Output each record verbatim, with pictures left out.

Data extracted from a collection
———

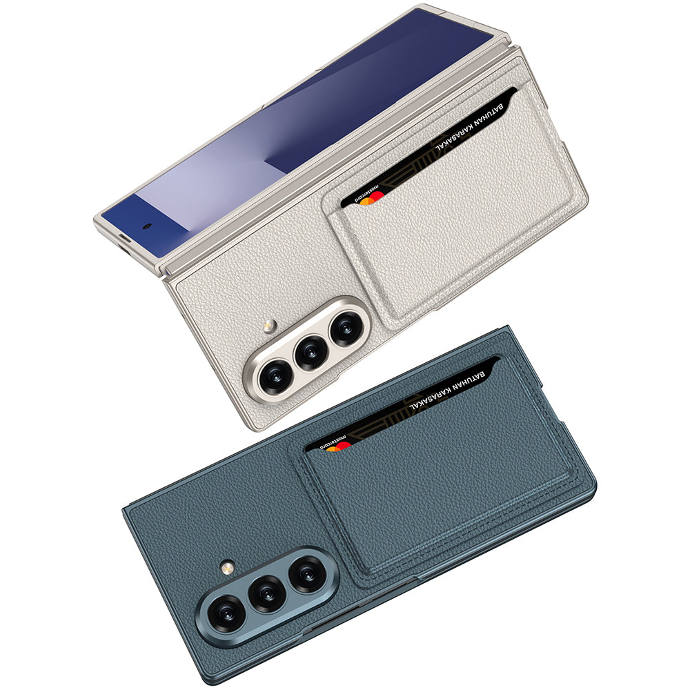 Galaxy Z Fold 7 Suni Deri Arka Yüzey Zore Kartlıklı Kıpta Silikon Kapak Gri
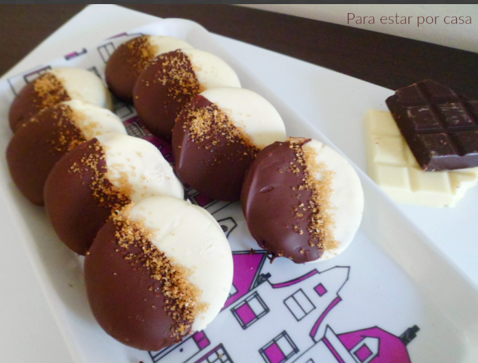 Una vez se ha endurecido el chocolate blanco, bañaremos la otra mitad de cada galleta con chocolate negro y, antes de que éste se endurezca, le pondremos un poco de azúcar moreno por encima.
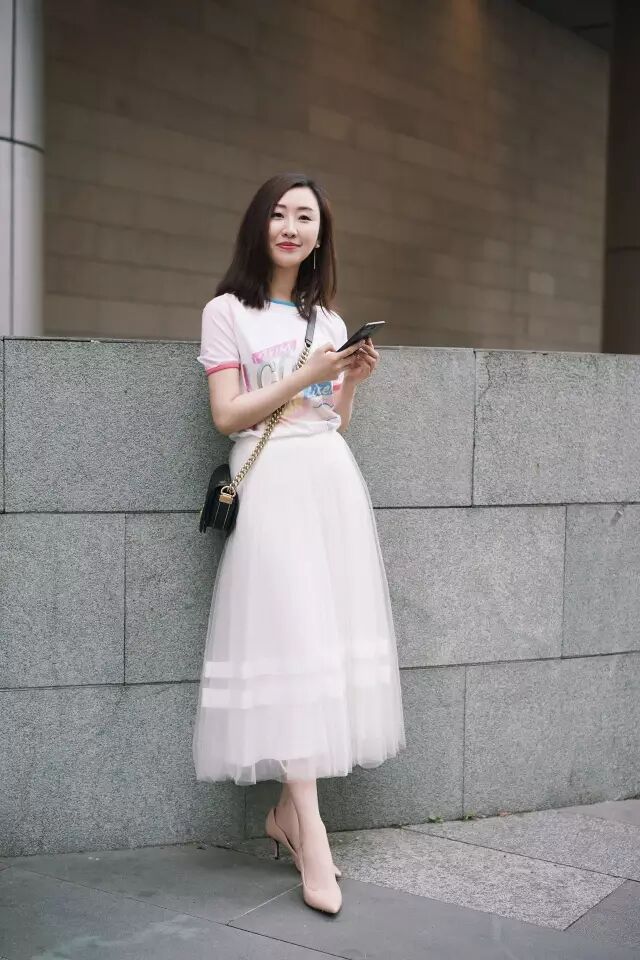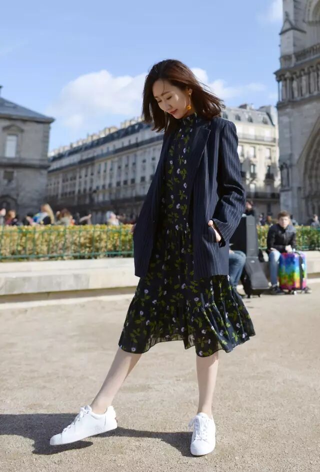 还是那条白纱裙。刺绣夹克和小白鞋也都可以化解白色纱裙的隆重感。这一身很适合穿去约会。▼
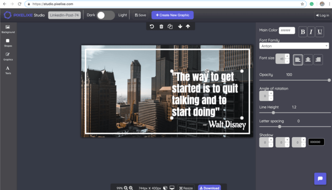 Open Pixelixe Studio and either select a LinkedIn post template from our library or start from scratch clicking on "Create from scratch" to start with the perfect LinkedIn post image dimension. Once in the editor, unleash your inner creative.
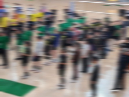 東京体育館に到着しますと、各チームがすでにフロアーに待機していました。そして開会式が始まりました。銀杏2025の勇姿もいます。
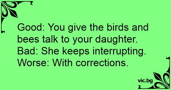 Good: You give the birds and bees talk to your daughter.
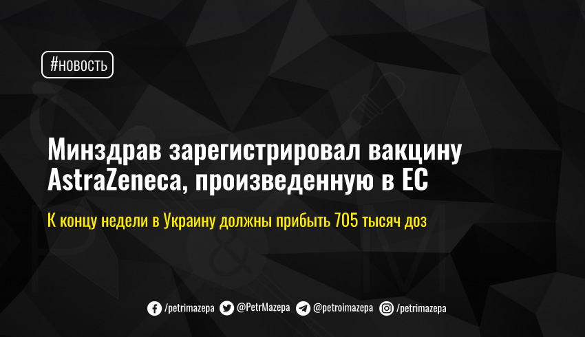 Министерство здравоохранения Украины зарегистрировало для экстренного медицинского применения вакцину против COVID-19 AstraZeneca, изготовленную в Европейском Союзе.
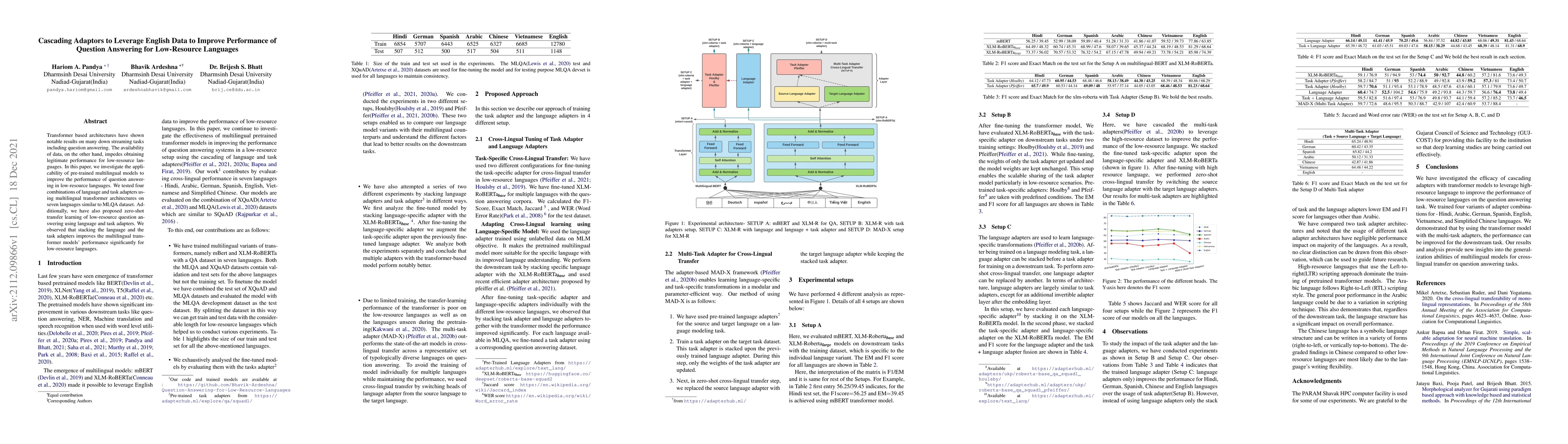 This paper explores using pre-trained multilingual transformer models with cascading language and task adapters to enhance question answering performance in low-resource languages. The study demonstrates significant improvements through zero-shot transfer learning and stacking adapters across seven languages, highlighting the potential of this approach.
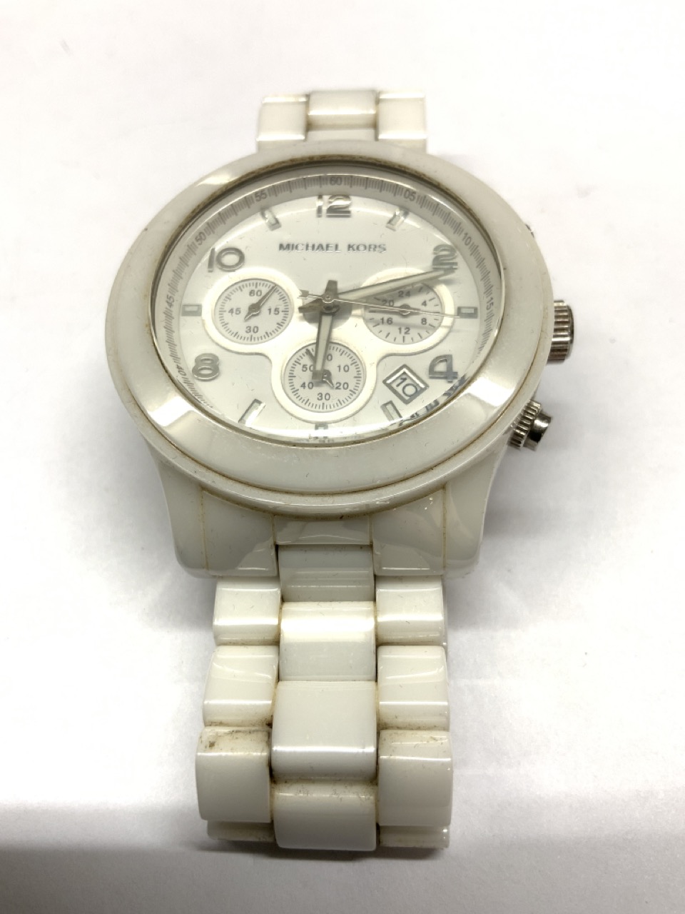 A White Michael Kors Chronograph Watch in Original Leather Box
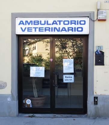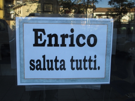 Sulla cassa un mazzo di rose rosse e una scritta “Enrico saluta tutti”, comparsa anche sul vetro della clinica veterinaria.

———

> **Response area**
 Galaxy Z Fold 7 Suni Deri Arka Yüzey Zore Kartlıklı Kıpta Silikon Kapak Gri
 Una vez se ha endurecido el chocolate blanco, bañaremos la otra mitad de cada galleta con chocolate negro y, antes de que éste se endurezca, le pondremos un poco de azúcar moreno por encima.
 还是那条白纱裙。刺绣夹克和小白鞋也都可以化解白色纱裙的隆重感。这一身很适合穿去约会。▼
 Open Pixelixe Studio and either select a LinkedIn post template from our library or start from scratch clicking on "Create from scratch" to start with the perfect LinkedIn post image dimension. Once in the editor, unleash your inner creative.
 東京体育館に到着しますと、各チームがすでにフロアーに待機していました。そして開会式が始まりました。銀杏2025の勇姿もいます。
 Good: You give the birds and bees talk to your daughter.
 Министерство здравоохранения Украины зарегистрировало для экстренного медицинского применения вакцину против COVID-19 AstraZeneca, изготовленную в Европейском Союзе.
 This paper explores using pre-trained multilingual transformer models with cascading language and task adapters to enhance question answering performance in low-resource languages. The study demonstrates significant improvements through zero-shot transfer learning and stacking adapters across seven languages, highlighting the potential of this approach.
 A White Michael Kors Chronograph Watch in Original Leather Box
 Sulla cassa un mazzo di rose rosse e una scritta “Enrico saluta tutti”, comparsa anche sul vetro della clinica veterinaria.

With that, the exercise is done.